2.1 Model Weight Memory

The dominant memory component is the storage of model weights. Its size is determined by the total parameter count and the precision (bytes per parameter):

$$ V_{weights} = P_{total} \times b_{param} \quad \text{(Equation 2)} $$

Definition — Total Parameters:
P_total is the total number of learnable parameters in the model, including all experts for Mixture-of-Experts (MoE) architectures. For dense models, P_total = P_active. For MoE models, P_total ≫ P_active since only a subset of experts is activated per token.

Definition — Bytes per Parameter:
b_param denotes the number of bytes used to store each weight parameter. This depends on the chosen precision or quantization level. The table below lists common values.

PrecisionBitsB/paramNotes
FP32324.00Full precision, rarely used for inference
BF16 / FP16162.00Standard training & inference precision
FP8 / INT881.008-bit quantization
Q8_081.06GGUF 8-bit with overhead
Q6_K60.836-bit K-quant
Q5_K_M50.715-bit medium K-quant
Q4_K_M40.604-bit medium K-quant
Q4 / NF440.504-bit quantization, QLoRA default
Q3_K_M30.433-bit medium K-quant
Q2_K20.322-bit K-quant (aggressive)

2.2 KV Cache Memory

During autoregressive generation, the model caches past Key and Value states from attention layers to avoid recomputation. The KV cache size is:

$$ V_{kv} = 2 \times L \times n_{kv} \times d_{h} \times C \times B \times U \times b_{kv} \quad \text{(Equation 3)} $$

where the factor of 2 accounts for separate Key and Value tensors.

KV Cache Parameters:

Attention Architecture Variants

The number of KV heads n_kv varies significantly across attention architectures, directly impacting KV cache memory:

ArchitectureKV HeadsDescription
Multi-Head (MHA)n_kv = n_qEach query head has its own KV pair. Largest KV cache.
Grouped-Query (GQA)1 < n_kv < n_qQuery heads share KV heads in groups. Good balance.
Multi-Query (MQA)n_kv = 1All query heads share a single KV head. Smallest cache.

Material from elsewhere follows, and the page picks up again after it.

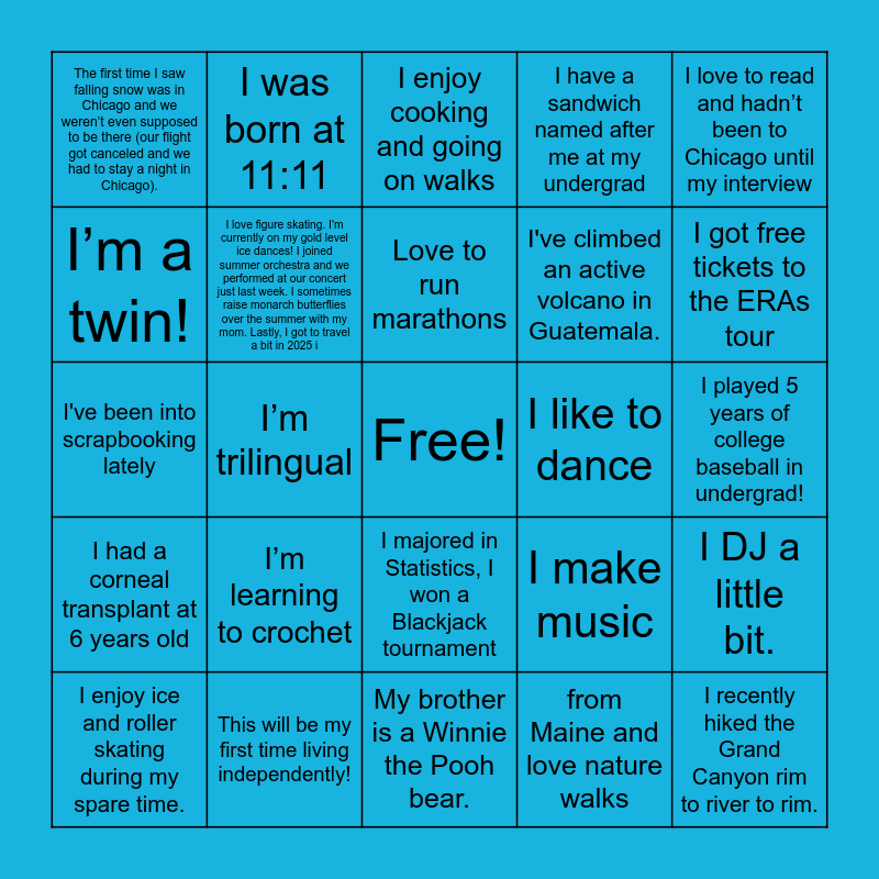 This bingo card has a free space and 98 words: I have a second degree black belt in taekwondo!, I like to bake & decorate, I got to hike the Dolomites in Italy!, I played 5 years of college baseball in undergrad!, I am able to crochet!, I went to Japan and Vietnam this summer, I’ve visited Singapore 3 times!, I run marathons, I ran the rock climbing club but was horrible at rock climbing, I’ve been to more countries than states, I studied abroad in South Korea for a summer, I absolutely love backpacking!, I’ve been dancing ballet since I was 3 years old!, I’m learning to crochet, I enjoy painting, I was born at 11:11, I've been into scrapbooking lately, Fun fact about me is that I’ve never broken a bone before., I can do the worm!, i love to read, I love to rock climb!!, love to travel but haven’t left the states, I love to run, I love to read, I like to go to art museums, The first time I saw falling snow was in Chicago and we weren’t even supposed to be there (our flight got canceled and we had to stay a night in Chicago)., My brother is a Winnie the Pooh bear., A fun fact about me is like to play violin and guitar., I've been scuba diving in Hawaii!, I enjoy dancing, I enjoy ice and roller skating during my spare time., I’m a twin!, My first language was Spanish!, I am such a foodie, and I love making fusion foods, I got free tickets to the ERAs tour, I’ve been able to play 4 instruments: the violin, cello, piano, and ukulele., I have a sandwich named after me at my undergrad, I love reading and movies, I’m trilingual, I grew up on a small beef farm in NW Wisconsin, where I had my own goats., I am a triplet, Love to run marathons, I've climbed an active volcano in Guatemala., I speak 2 other languages, i am a photographer, I majored in Statistics, I won a Blackjack tournament, When I was 19, I actually got to work in Washington D.C. for the JROTC Leadership and Academic Bowl and I was on the public speaking team, so I did everything from tweaking scripts, hosting opening/awards ceremonies, hanging signs, and even send, My name backwards is teenrap, I enjoy cooking and baking, I’ve competed twice in the same a capella singing competition as showcased in the movie, Pitch Perfect., I have shaved my head before., I could talk in a British accent all day long!, I love to draw, All my dogs have been named after sunglasses, I love to draw, listen to music, and go for short walks., I used to play rugby., I had a corneal transplant at 6 years old, I can play 6 instruments and I’ve visited every Disneyland park in the world, I'm Lebanese, I was born and raised in Lebanon then moved to the U.S. when I was 16, so I’ve had the chance to experience life in two very different places. I’m trilingual: Arabic is my first language, then French, and finally English., I’ve been playing guitar for about 15 years, I have read over 500 books! Reading is my favorite hobby., I play the cello (not the most active, but still play it once in a while)., I can solve a rubik's cube in under 2 minutes., I love to bike., I studied abroad in Chile!, I got sprayed by a humpback whale, A troop of chimpanzees almost killed me in Uganda once!, I love photography, I have a fishing world record!, I enjoy building legos/wooden dioramas!, I enjoy cooking and going on walks, i was born with no wisdom teeth, from Maine and love nature walks, I am really good at reading messy handwriting and I am a huge basketball fan, I ran my university's basketball league for four years and loved managing every part of it., I love to rock climb (indoors AND outdoors!), I love beach volleyball, use to play competitive Pokemon and Yu-Gi-Oh card games for money, I just went to Yellowstone, I’ve lived in three different states, three different countries and I’m allergic to pitted fruits, I recently hiked the Grand Canyon rim to river to rim., I have fed elephants and tigers at sanctuaries in Thailand and China., I love figure skating. I'm currently on my gold level ice dances! I joined summer orchestra and we performed at our concert just last week. I sometimes raise monarch butterflies over the summer with my mom. Lastly, I got to travel a bit in 2025 i, This will be my first time living independently!, I had a pet sheep when I was little., I’ve been a vegetarian since I was 6 years old (by choice) which is why I developed a passion for cooking for myself and others!, I’m trying to visit all 50 states before I turn 50. So far 38/50, I am down for just about anything, A fun fact about myself is that I love to play soccer., I DJ a little bit., I like reading, Visited 5 countries this past summer, I make music, I really like animals and plants, I use to cheer in high school so I can do a back flip!, I like to dance, my ethnicity & nationality is kind of confusing!, I love to read and hadn’t been to Chicago until my interview and I hiked to a green sand beach this summer (there are only 4 in the world).

For example, Llama 3.1 70B uses GQA with n_q = 64 query heads but only n_kv = 8 KV heads, reducing KV cache memory by 8× compared to MHA.

Fallback Estimation

When architecture details (L, n_kv, d_h) are unavailable, the calculator falls back to a rule-of-thumb estimate:

$$ V_{kv} \approx P_{total} \times 0.12 \times (C / 4096) \times B \times U \quad \text{(Equation 4)} $$

This assumes KV cache is approximately 12% of weight memory at 4096-token context for a typical GQA model.

2.3 Framework Overhead

Framework overhead includes CUDA kernels, temporary buffers, activation memory, and communication buffers. It is estimated as a fraction of weight memory:

$$ V_{overhead} = V_{weights} \times f_{overhead} \quad \text{(Equation 5)} $$

where f_overhead varies by operation mode:

Modef_overhead
Inference0.12 (12%)
LoRA / QLoRA fine-tuning0.40 (40%)
Full fine-tuning2.00 (200%)

For full fine-tuning, the overhead factor of 2.0 accounts for gradients (1× weights in training precision) and AdamW optimizer states (8 bytes per parameter in FP32), plus activation memory.

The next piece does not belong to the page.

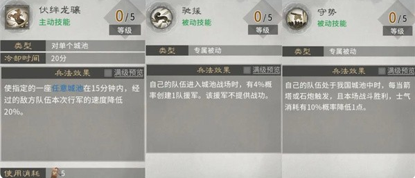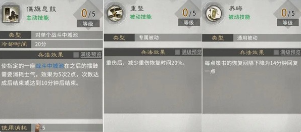 主动技能效果擂鼓需要消耗士气,效果较为一般可以选择不点满。被动技能【重整】,本服沙盘没有统一时推荐点满,统一后以跨服为主时点1级即可。被动技能【养晦】,策书恢复时间根据你的策书上限自己选择点数即可。

3. RAM Overflow / Offloading

⚠️ Performance Warning
RAM offloading allows models that exceed VRAM to run by spilling layers to system RAM, but at a severe performance cost: 10–50× slower inference for the offloaded portion.

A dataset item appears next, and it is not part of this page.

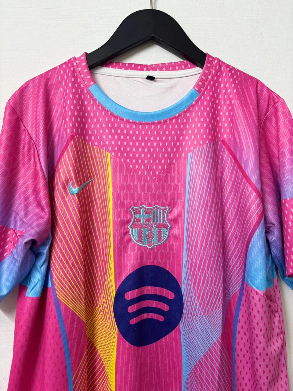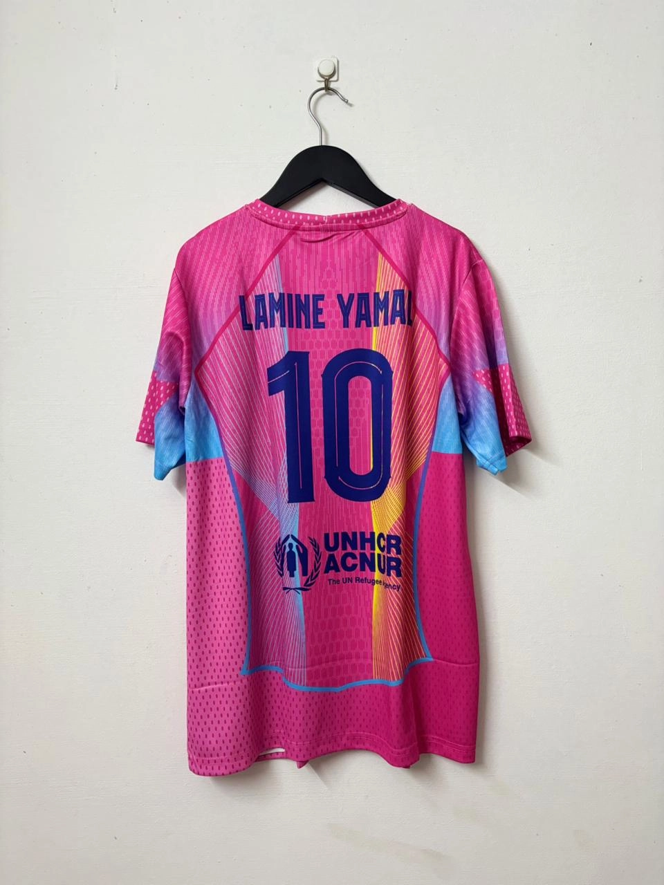 Lamine Yamal FC Barcelona Alternative Third Kit 2025-26 in striking pink! This unique jersey features a half sleeve and round neck design, showcasing Yamal’s dynamic style. Made in our state-of-the-art plant, this kit boasts high-quality details and vibrant sublimation printing. Perfect for Barcelona fans and Yamal enthusiasts, this authentic jersey celebrates Blaugrana pride with a bold twist. Ideal for everyday wear or match-day spirit, this jersey combines style, comfort, and team loyalty. Show off your Barcelona passion with premium quality and authentic details. Stand out with this amazing pink jersey!

When the total required memory exceeds available VRAM, the calculator supports an optional RAM offloading mode:

$$ V_{overflow} = \max(0, V_{total} - V_{VRAM}) \quad \text{(Equation 6)} $$

$$ V_{RAM,usable} = \min(V_{overflow}, V_{RAM,available}) \quad \text{(Equation 7)} $$

The effective available memory becomes:

$$ V_{effective} = V_{VRAM} + V_{RAM,usable} \quad \text{(Equation 8)} $$

Memory Allocation Parameters:

3.1 The Bus Wall (“Le Mur du Bus”)

The fundamental performance limitation of RAM offloading is captured by the Bus Wall concept — the ratio of GPU HBM bandwidth to the effective transfer bandwidth between CPU and GPU:

$$ Bus Wall Ratio = BW_{HBM} / BW_{transfer} \quad \text{(Equation 9)} $$

where BW_transfer is the effective bandwidth of the data path from system RAM to GPU, determined by the bottleneck in the transfer chain:

$$ BW_{transfer} = \min(BW_{PCIe,effective}, BW_{RAM,effective}) \quad \text{(Equation 10)} $$

The Bus Wall ratio tells you how many times slower RAM-offloaded layers are compared to VRAM-resident layers. Typical values range from 30× (RTX 4090 with Gen4 x16) to over 100× (H100 SXM with Gen5 x16).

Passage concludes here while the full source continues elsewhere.